For Every Girl – Or Woman

On the very long and bumpy road to loving myself, I’ve come to find as I’ve gotten older that I simply shouldn’t give a flying fuck what other people think of me. And all though that is substantially true, myself, along with other people feel that we need other peoples’ approval of our own selves. But the more I think about it, the more ridiculous it seems. Like, why should I live my life to constantly please people who don’t matter to me? It’s my life. And being on the long continuous road to loving myself, I know that for guys, one of the sexiest things a girl can do is to be comfortable with herself and her body. Obviously I wouldn’t want this just for my boyfriend, but for myself. He seems to love to way I look naked. So why can’t I? I want to stop being ashamed to see myself naked or cover myself up around my boyfriend of whom I’ve been dating for over 2 1/2 years. That’s insane! Who does that?!?! Who covers themselves when walking around their room in front of the person they love?

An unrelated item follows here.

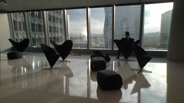 But it was also good to break away in the City of Vélib to see the new, intensely active installation by Diller Scofidio + Renfro, called “Musing on the Glass Box,” at Jean Nouvel’s Fondation Cartier, also celebrating its 20th anniversary. The temporary show, done in collaboration with David Lang and Jody Elff, whimsically reflects on the original architecture, and remains open until 02.22.15. You can scoot under a low, luminous ceiling on a chaise longue roulante.

Another thing I’ve realized. I’ve resented skinny bitches in the past, and I don’t have a right to. And all this talk of ‘real women have curves’ and ‘only dogs like bones’. I read that and I’m thinking, okay, even though I’m not skinny, if I was, I’d be upset about these sayings. One of my best friends is very athletic and is a dancer. She is self conscious of her body and wishes she had more curves. She thinks she sometimes looks too muscular or skinny. I think she has a super hot bod. And her boobs are amazing. And even though she’s skinny, it doesn’t mean she’s necessarily like that on purpose. Some girls are just like that. It’s not their fault. Why should I hate girls who are naturally like that? I have to admit I am bitter when girls are healthy and work out, because I know I should be doing that. But I’m sorry if I’d rather eat pizza while watching re-runs of my favorite tv shows. I guess my point is, well, I have many. But for one, every single woman is built differently. Some are skinny, curvy, thick or whatever you want to call it. If we could all learn to embrace each other for who we are and what our bodies are, then we’d have a different society. My perception of what skinny is and what fat is, is ridiculous. I call myself fat all the time. I don’t as much as I used to, because I’m trying that whole -love yourself- thing. But to a standard person, I wouldn’t be considered fat. Or skinny. Probably average.

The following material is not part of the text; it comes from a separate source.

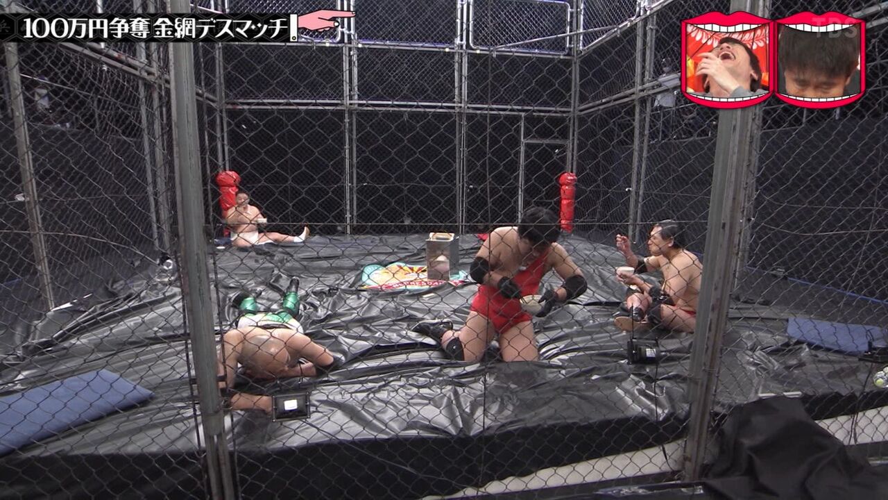 高さ5mの金網に囲まれた特設リングから、100万円が入ったボールを持って外に出ることのできた1人のみがその賞金を獲得できる…100万円争奪金網デスマッチ!この過酷な戦いに…オードリー春日、みなみかわ、あかつ、チャンス大城の4人が参戦!脱出して賞金を手にするのは誰だ!?

Sorry, not sorry, but I’d just rather have pizza over celery or tofu bullshit. I love carbs. I hate that I love carbs, but I do. Ugh. Carbs – why must you be so bad but so effing good?

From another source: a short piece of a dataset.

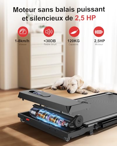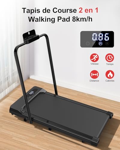 Tapis de Course Électrique Pliant 2 en 1,Walking Pad 1-8 km/h, 2.5HP -Tapis Roulant électrique Extra Large 40cm- Télécommande et Écran LCD-Cadre Renforcé 130KG Max-pour Bureau à Domicile
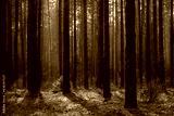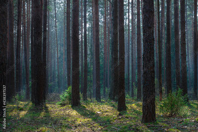 Foggy summer pine forest landscape in the morning

See, what we should do is try and eat at least a little better than we do now, not to be skinny but for our health. My only focus for eating healthy is to become a size 1 or 2. That’s not good. It should be my body that’s important to me, not how much I weigh.
These are the things that haunt me and I’m sure a lot of girls. It’s really hard loving yourself when all you see are flaws. But I’m trying to tell myself I’m beautiful everyday. Because… I am. And it’s time I start seeing it. And… My body is too. Because it’s mine. And there’s only one. Unless I decided to get plastic surgery but I’m not so… Yeah.
My goal is to let me love me a little more each day. And embrace my body and realize that it’s beautiful. It’s alive and breathing and well – so therefore it’s beautiful, it’s doing it’s job. Just like all of yours.